Africa’s oil currencies set to diverge
Africa’s two biggest oil producers have suffered similar losses in their currencies this year as swings in fuel prices cut FX inflows. Angola’s Kwanza is down by around 30% year-to-date against the dollar, mirroring the Naira’s decline in the parallel market. Yet the paths ahead for the two currencies look set to diverge as pressure builds on Angola from increased debt servicing costs. According to Fitch, Angolan government debt levels are pointing towards 129% of GDP or 850% of the state revenue. The rating agency downgraded Angola from B- to CCC on Friday. While Angola can turn to multilateral lenders along with its sovereign wealth fund to meet obligations this year, we foresee sustained pressure for the Kwanza as falling reserves weaken confidence.
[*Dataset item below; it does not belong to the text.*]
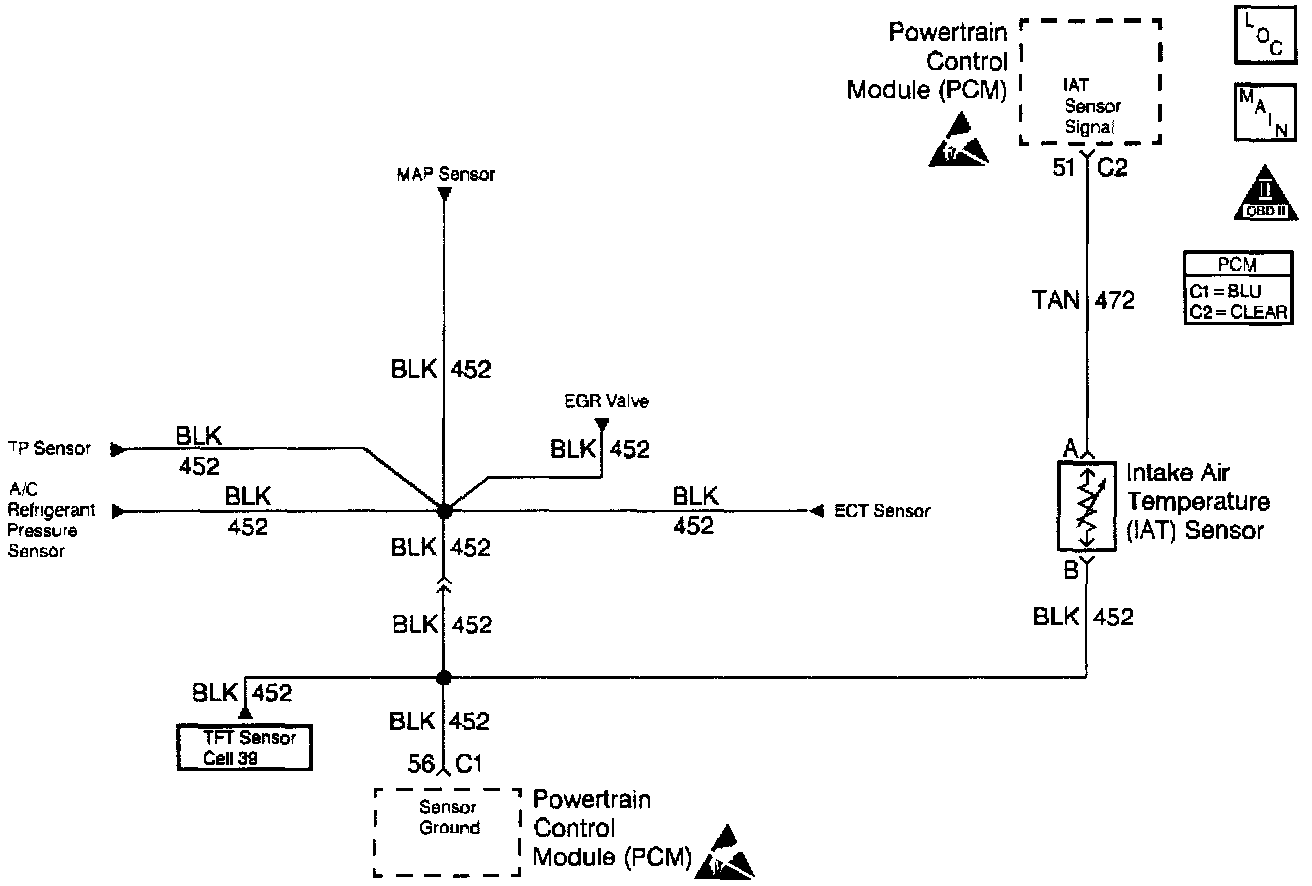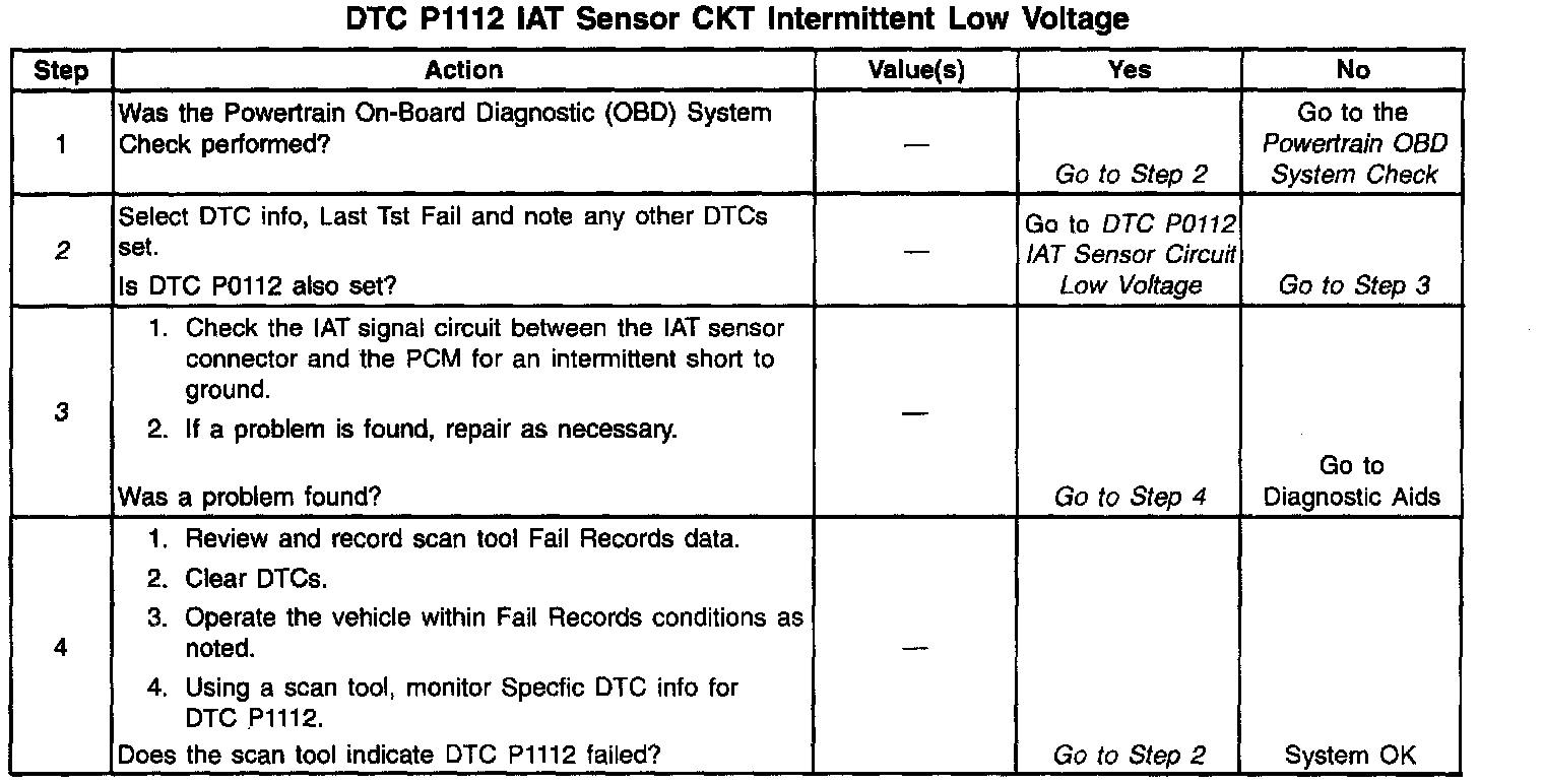 The Intake Air Temperature (IAT) sensor is a thermistor which measures the temperature of the air entering the engine. The PCM applies 5 volts through a pull-up resistor to the IAT sensor. When the intake air is cold, the sensor resistance is high and the PCM will monitor a high signal voltage on the IAT signal circuit. If the intake air is warm, the sensor resistance is lower causing the PCM to monitor a lower voltage. DTC P1112 will set when the PCM detects an intermittently low signal voltage on the intake air temperature sensor signal circuit.

Naira rally halts on BDC backlog
The Naira rally triggered by resumption of dollar sales by bureau de changes and speculators cutting dollar positions ended this week, with dollar sales by the BDCs insufficient to meet demand. The market retraced to 445 per dollar in the parallel market from 440 last week. BDCs still have a huge backlog on their FX obligations, which will continue to put pressure on the Naira in the coming days, as will the economic backdrop of lower oil revenues and reserves.
GDP hemorrhage hammers Rand, briefly
The Rand lost almost 2% against the dollar, weakening from 16.62 to 16.97, after South Africa’s Q2 GDP collapsed by 51%. The country’s recession appears as broad as it is deep, with the majority of sectors recording negative growth during this period. However, the Rand quickly reverted back to 16.62 levels amid signs the worst may be behind us, with a quarterly gauge of sentiment compiled by Stellenbosch University’s Bureau for Economic Research increasing to 24 from a record low of 5 in the previous three months, against a median estimate of 8, based on three economists in a Bloomberg survey. We foresee sustained levels for the Rand in coming days.
Kenya treasuries sale to boost needed dollars
Kenya’s Shilling regressed slightly against the dollar to 108.55 levels due to strong demand for dollars from the energy sector. Amidst a shortage of dollar sellers into the market, the Shilling was supported by usable foreign exchange reserves reported by the Central Bank of Kenya at USD 8,865 million, equivalent to 5.38 months of import cover as of Sept. 3, which is a decline from USD 8,963 million the previous week. Further relief should come on Sept. 16 as offshore investors buy treasury bonds worth Sh 50 billion, boosting supply of dollars. On Tuesday, the World Bank stated Kenya had secured $750 million to develop the economy in projects including improving the movement of people and goods, digital connectivity and access to social services. Given these dollar inflows, foresee a more stable Shilling in the coming days.
High frequency indicators point to Uganda recovery
The Ugandan Shilling edged slightly weaker to 3685/3695 levels due to dollar demand from commercial banks and the energy sectors. In its Financial Stability report, the Bank of Uganda projects GDP growth will rise to between 3-4% in the financial year 2020-2021 as high frequency indicators of economic activity point to a recovery. The BOU outlook will help stabilize the Shilling in the near term.
Tanzanian export rise reins in Shilling
The Tanzanian Shilling remained steady at levels of 2315/ 2324.95 (2319.98) from 2312.91/ 2326.91(2319.90) a week ago. The Bank of Tanzania announced positive news in its Monthly Economic Review (MER) for August, stating that exports continued to pick up as economies globally re-opened from lockdowns. Earnings from exports of goods and services amounted to USD 9,815.3 million in the year to July 31, compared with USD 8,706.6 million during the same period last year. Inflows from horticultural products, gold and agriculture including sisal, cashew nuts, cotton and cloves increased due to improved volume and prices. Inflation for August stagnated at 3.3% amid falling staple food prices. We foresee the Shilling remaining steady in the coming week as an increase in manufacturing and oil importers’ dollar demand is balanced by continued agricultural inflows.